Let’s learn more about these most common metrics to track due to their importance for any type of business.
What is the average selling price?
The average selling price is the average cost for which a product is sold. This metric can be applied narrowly to a product or service or, more broadly, to an entire market.
It is one of the most common sales indicators as it is used to compare companies or channels and is interesting to monitor because it reflects what consumers will pay for similar products or services.
For example, if a company sells hundreds of thousands of cars each year at different prices, the average price is calculated by taking the total revenue earned from sales, dividing that amount by the total number of units sold.
How is the average sales price calculated?
To calculate the average sales price, all you have to do is divide the net sales by the number of products sold.
For example, if you sold 100 units and had net sales of $20,000, the average sales price of your products is $200.
Uses of average selling price
The term average selling price tends to be used more for businesses with moderate to high volume, such as retail, food service, and technology, however, its use is seen in almost all types of businesses.

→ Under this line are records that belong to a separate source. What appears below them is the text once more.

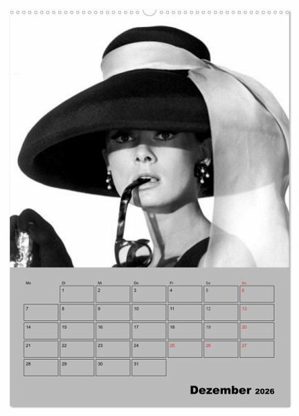 Mit ihrer eleganten Erscheinung und Mode prägte sie das Frauenbild der 1950er und 1960er Jahre entscheidend mit. Audrey Hepburn stand mit den größten Stars ihrer Epoche vor der Kamera. Sie spielte im populärsten Filmklassiker "Frühstück bei Tiffany", 1961 die Hauptrolle. Dieser Planer bringt ein wenig Nostalgie aus der goldenen Filmepoche in ihr Heim.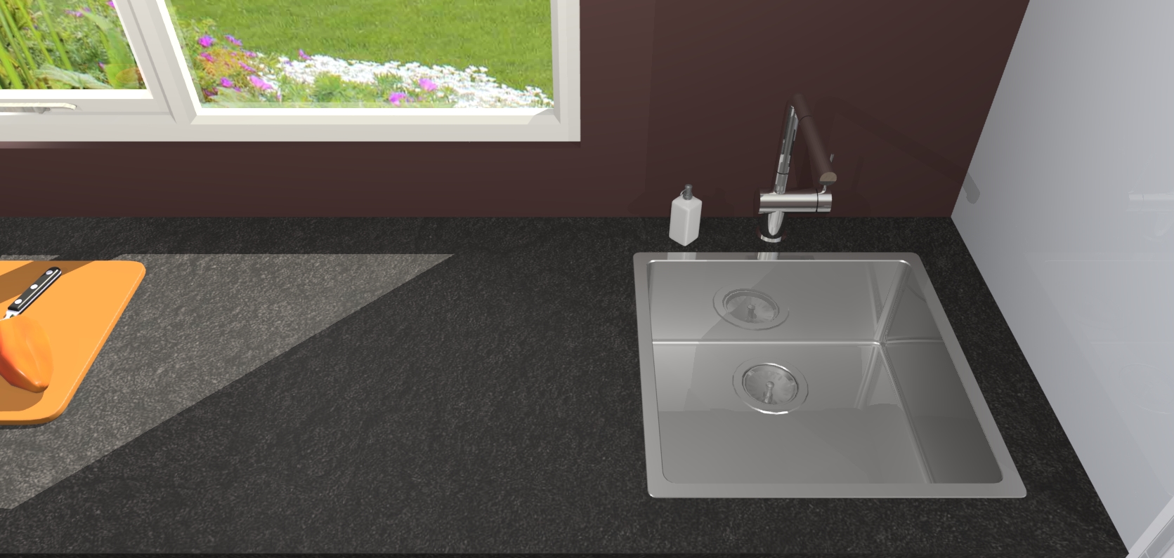 - De spoelbak is nog niet in gevreesd. Dit dient tijdens het werk gedaan te worden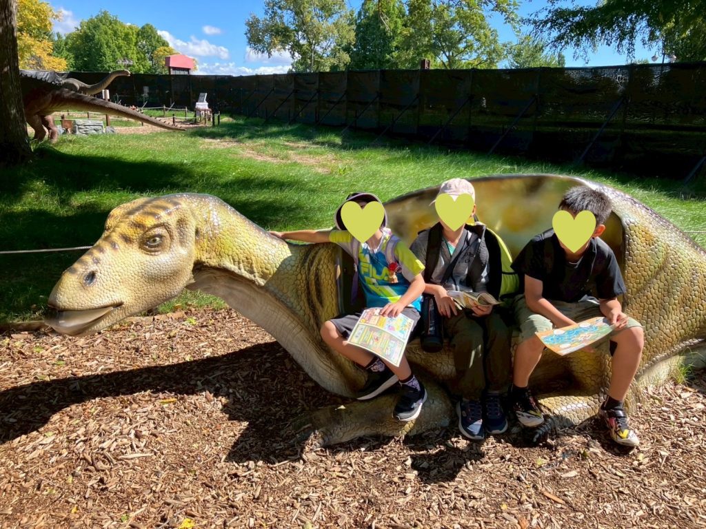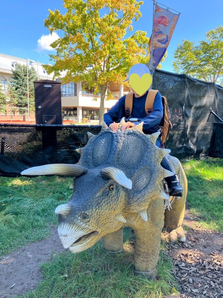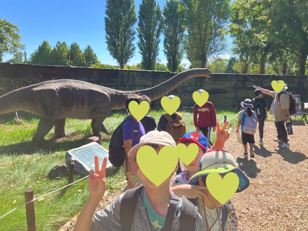 フォトスポットでは、恐竜に乗ってポーズ!低学年の子どもたちも周りを見て小さい子にさりげなく道を譲ってあげるなど、思いやりやリーダーシップを発揮してくれました。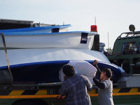 สำหรับเรือไฟเบอร์กลาส พร้อมอุปกรณ์ที่ส่งมอบไปยัง พัน.ร.8 ค่ายกรมหลวงสงขลานครินทร์ ศูนย์การนาวิกโยธิน กองทัพเรือ แล้วนั้น ได้แก่ เรือ 13 ฟุต 7 ลำ เรือ 10 ฟุต 4 ลำ เรือ 8 ฟุต 1 ลำ พร้อมเครื่องฮอนด้า หางยาว 13 แรง 1 เครื่อง เครื่องคาวาม่า หางยาว 13 แรง 2 เครื่อง ไม้พาย 22 อัน และชูชีพ 120 ตัว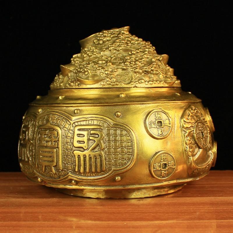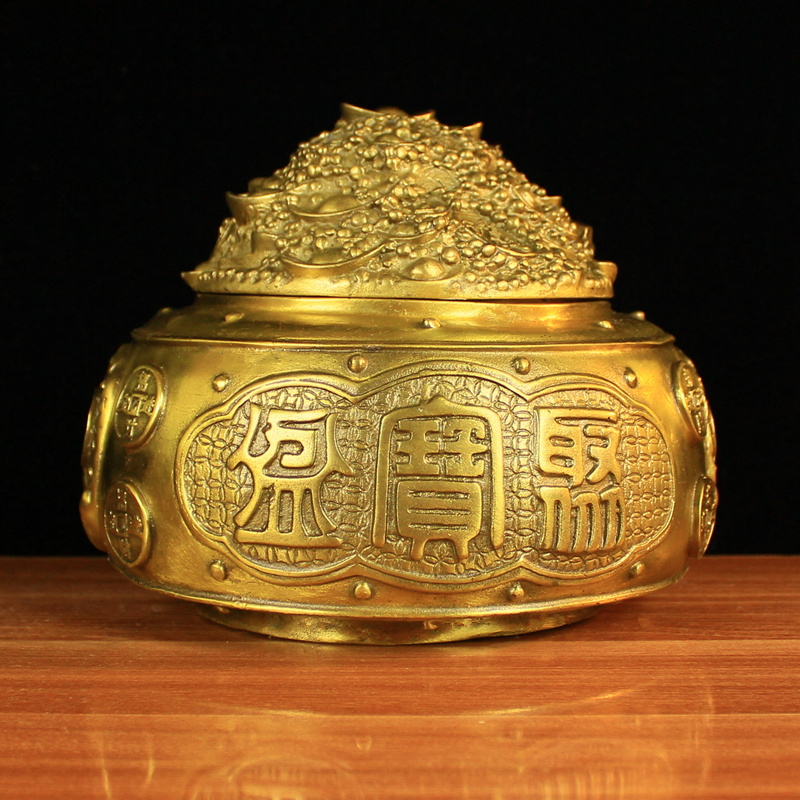 纯铜聚宝盆摆件五路财神店铺客厅带盖存钱罐礼品桌面办公室摆设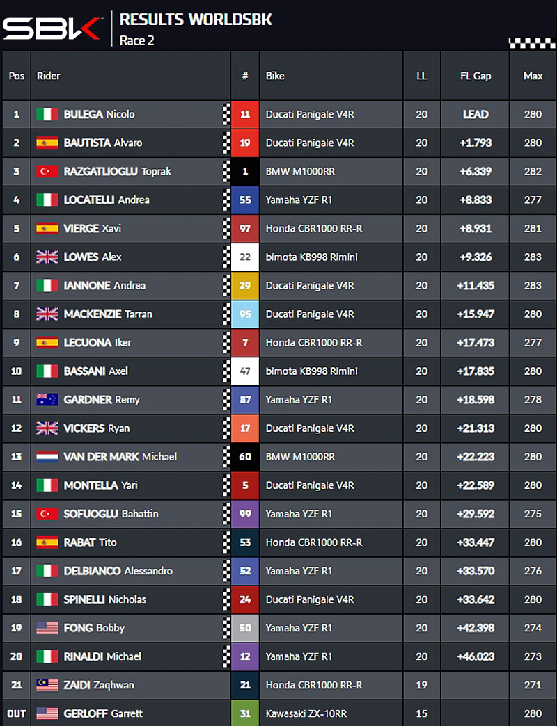 Sur le circuit andalou, le pilote Ducati a survolé le week-end : essais dominés, record absolu de la piste pulvérisé et trois courses menées tambour battant. À Jerez, personne n’a pu rivaliser, pas même Razgatlioglu. En revanche, chez Ducati, on pourra nourrir quelques regrets : les points perdus à cause des deux abandons à Assen pour des soucis techniques, et surtout l’accrochage de Misano provoqué au premier virage par Axel Bassani.

The average sales price can be a good indicator of the effectiveness of a company’s sales team, the company’s position in the market and how crowded the market has become.
Unlike other revenue metrics, average sales price is highly visible to customers and should be understood and leveraged by both marketing and sales.
It can be an effective way for sales executives to compare the performance of different parts of their team.
Keep in mind that the average selling price can vary significantly between companies and segments.
For SaaS companies, the average price is what a new customer pays when they first sign up for the service. This is often referred to as average new account income.
If you want to view this and other metrics such as gross margin or cost of goods sold, you can do so through a sales dashboard. This will allow you to monitor the health of your business and be able to detect trends or any problems to act in time.
A dashboard is the ideal tool to quickly see what is happening in different areas of your business. It allows you to have data from various sources to be able to read your information in real time.